**INSTRUCTIONS FOR THE TASK:** When the listing below reaches the line that has "- Pengalaman minimal", start reproducing exactly; stop after the line that has "Eyes on You", and drop the pictures.

**DATA FOR THIS TASK:**
=== Begin Enclosure ===
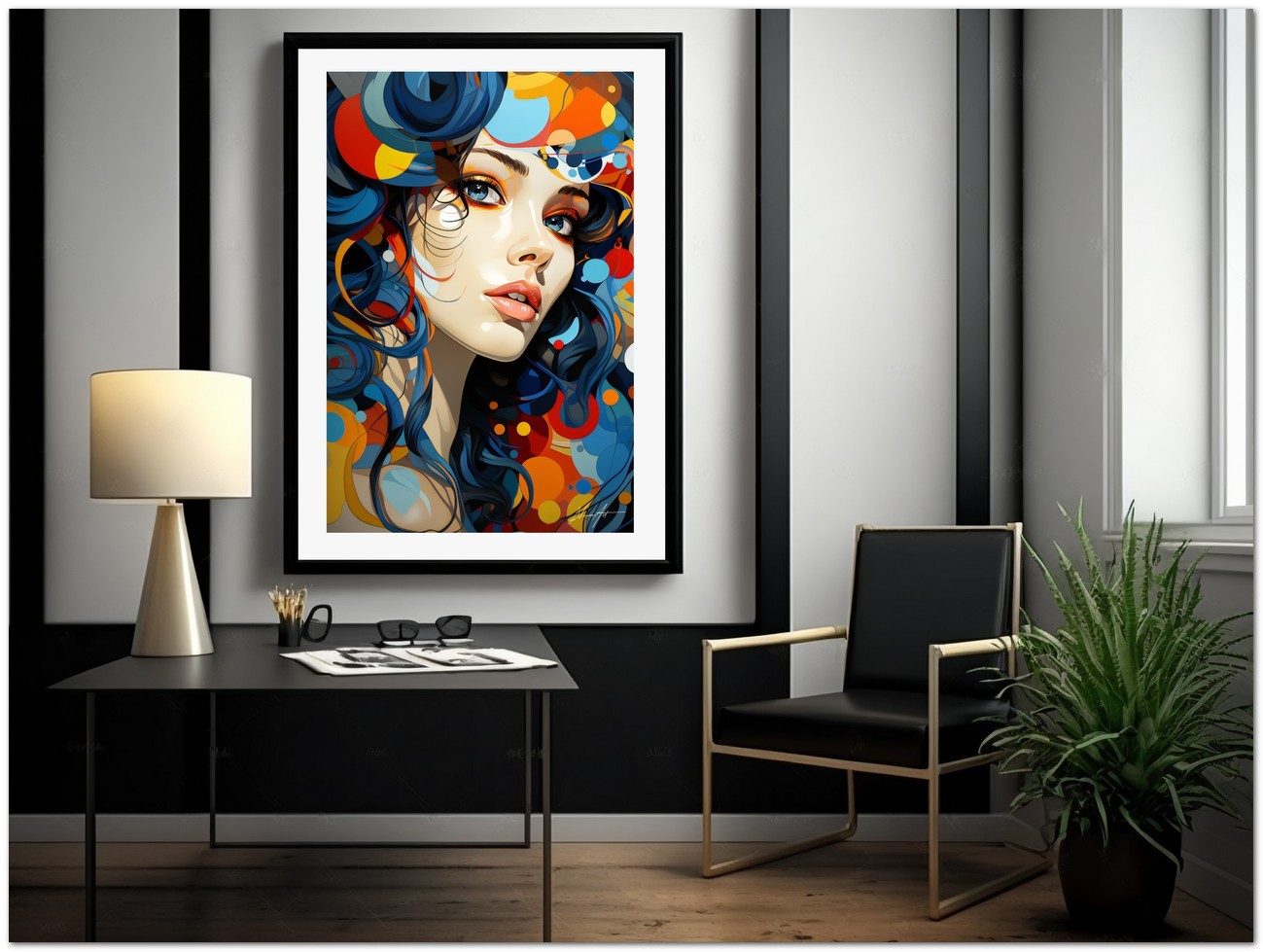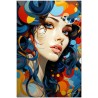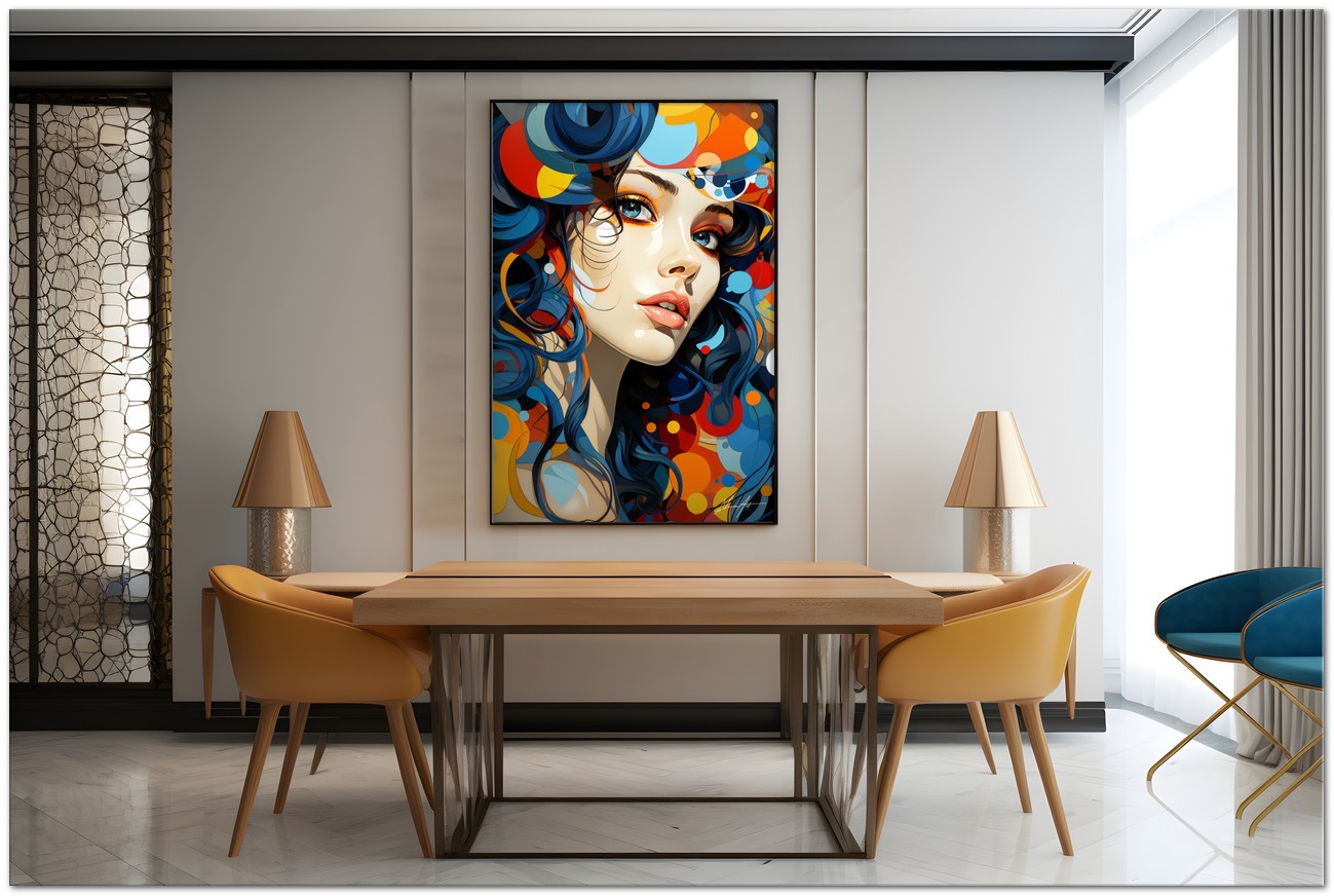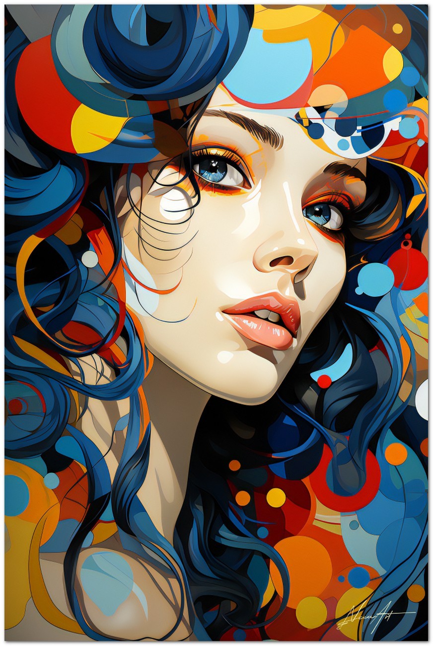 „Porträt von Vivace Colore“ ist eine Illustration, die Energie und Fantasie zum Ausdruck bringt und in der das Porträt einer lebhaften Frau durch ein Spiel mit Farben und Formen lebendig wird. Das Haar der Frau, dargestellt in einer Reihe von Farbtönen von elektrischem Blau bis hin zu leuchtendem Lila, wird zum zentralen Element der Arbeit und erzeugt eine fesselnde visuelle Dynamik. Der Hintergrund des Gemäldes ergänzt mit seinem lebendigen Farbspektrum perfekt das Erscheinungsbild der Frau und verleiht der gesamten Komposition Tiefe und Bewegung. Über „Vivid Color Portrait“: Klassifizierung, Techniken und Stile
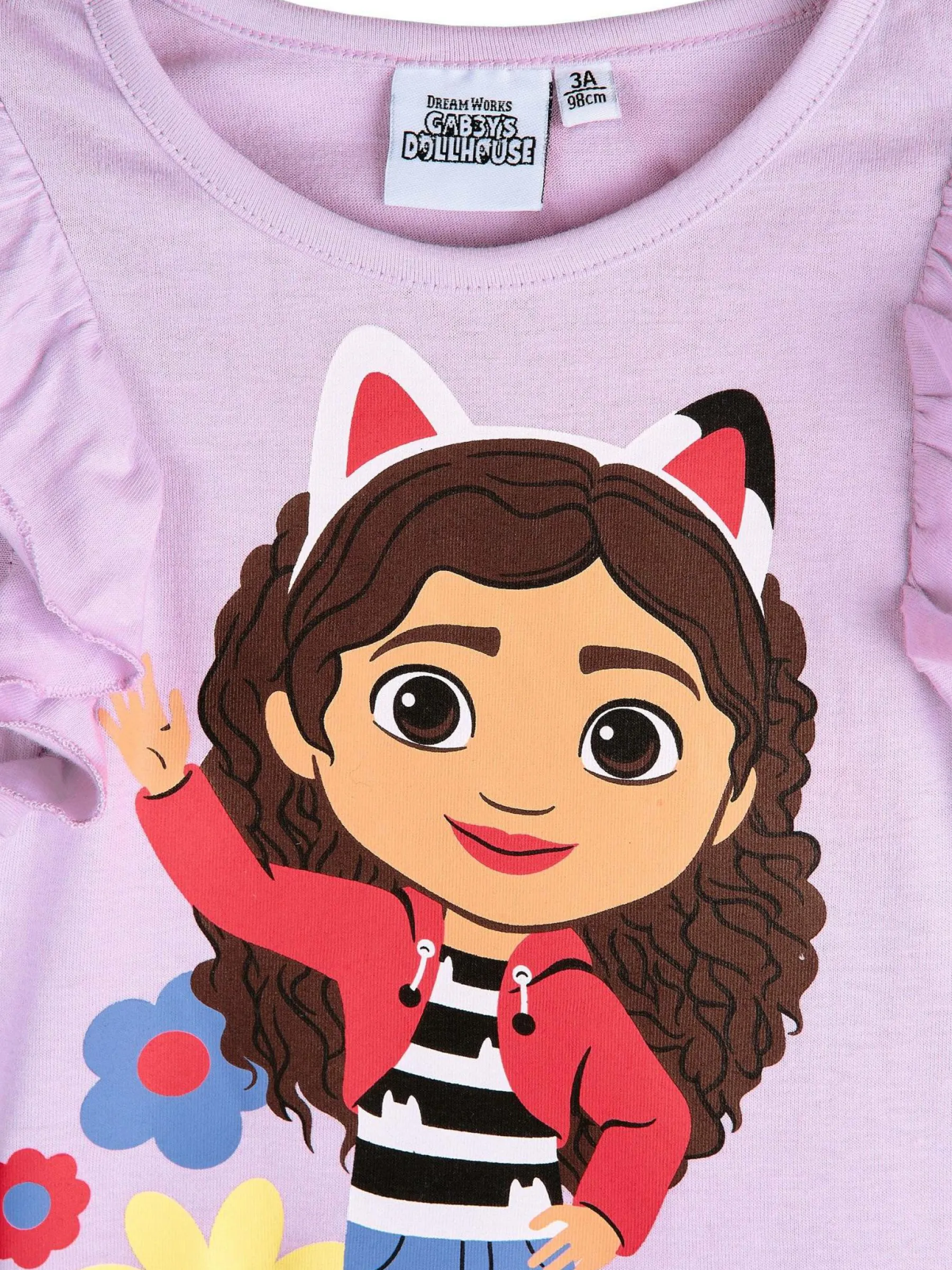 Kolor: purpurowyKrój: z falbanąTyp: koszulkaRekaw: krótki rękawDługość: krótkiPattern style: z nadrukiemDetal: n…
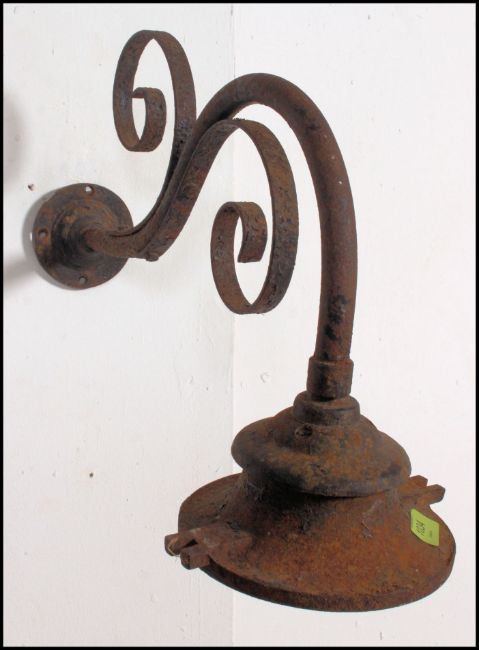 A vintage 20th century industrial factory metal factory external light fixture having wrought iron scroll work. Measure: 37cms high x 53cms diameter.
=== End Enclosure ===
=== Begin Enclosure ===
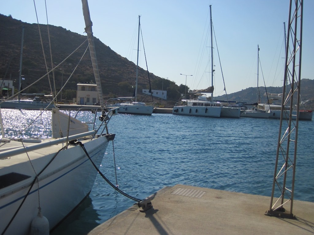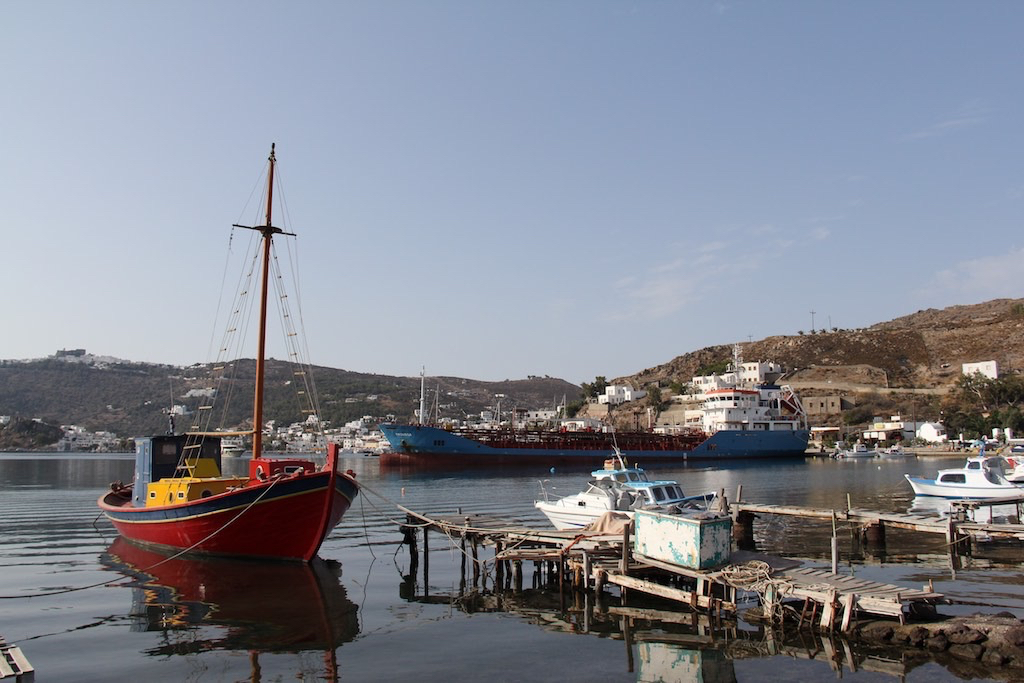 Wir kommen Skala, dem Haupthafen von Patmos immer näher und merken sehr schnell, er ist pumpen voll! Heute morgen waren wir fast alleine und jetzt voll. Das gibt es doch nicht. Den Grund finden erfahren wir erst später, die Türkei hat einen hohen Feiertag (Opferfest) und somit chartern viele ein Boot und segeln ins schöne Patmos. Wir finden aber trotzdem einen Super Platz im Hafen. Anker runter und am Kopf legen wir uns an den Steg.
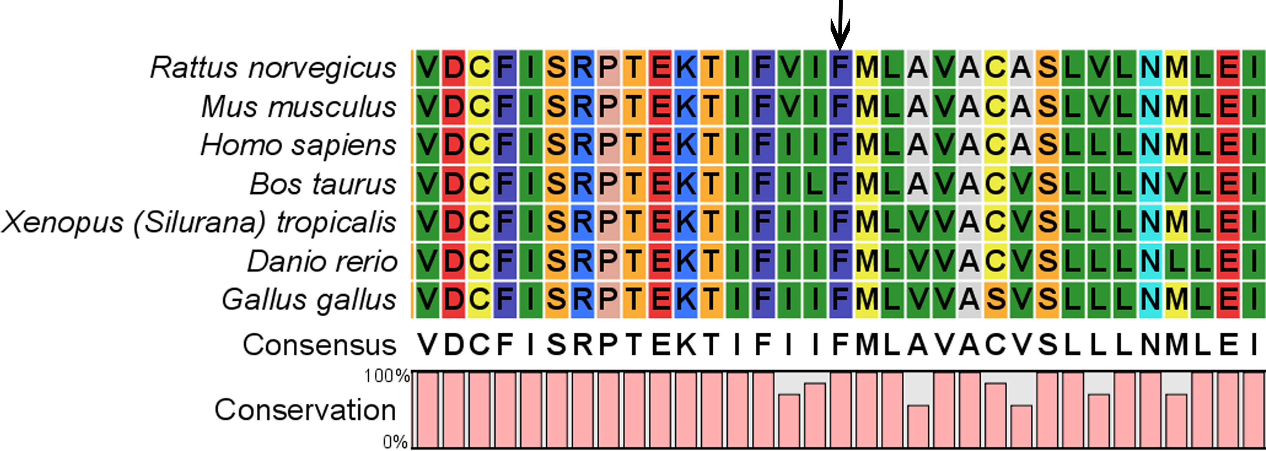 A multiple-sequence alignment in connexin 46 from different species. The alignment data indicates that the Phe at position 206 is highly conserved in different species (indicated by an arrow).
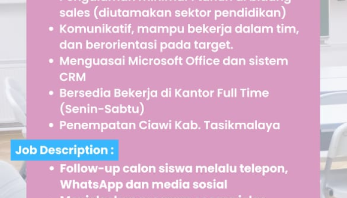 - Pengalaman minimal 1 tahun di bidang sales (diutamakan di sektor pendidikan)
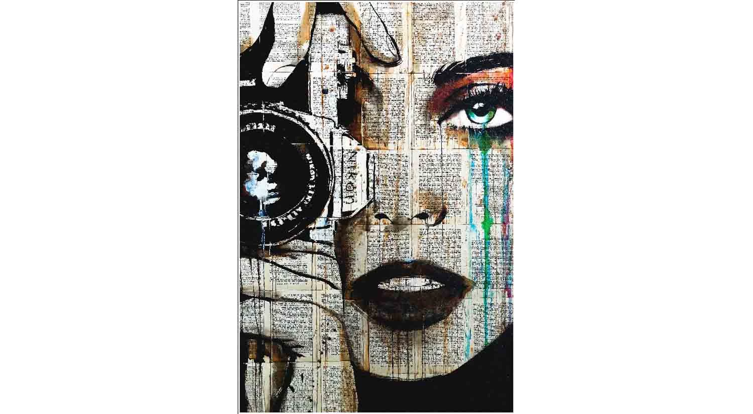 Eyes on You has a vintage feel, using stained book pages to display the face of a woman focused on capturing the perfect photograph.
=== End Enclosure ===
=== Begin Enclosure ===
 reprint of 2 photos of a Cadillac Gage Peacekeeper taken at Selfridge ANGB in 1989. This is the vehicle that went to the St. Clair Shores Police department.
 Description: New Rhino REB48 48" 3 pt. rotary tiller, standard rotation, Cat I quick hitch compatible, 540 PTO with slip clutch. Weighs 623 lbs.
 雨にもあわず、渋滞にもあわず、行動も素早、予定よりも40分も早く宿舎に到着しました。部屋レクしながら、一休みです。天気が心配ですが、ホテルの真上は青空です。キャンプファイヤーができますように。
=== End Enclosure ===
**ANSWER TO THE EXERCISE:**
 - Pengalaman minimal 1 tahun di bidang sales (diutamakan di sektor pendidikan)
 Eyes on You has a vintage feel, using stained book pages to display the face of a woman focused on capturing the perfect photograph.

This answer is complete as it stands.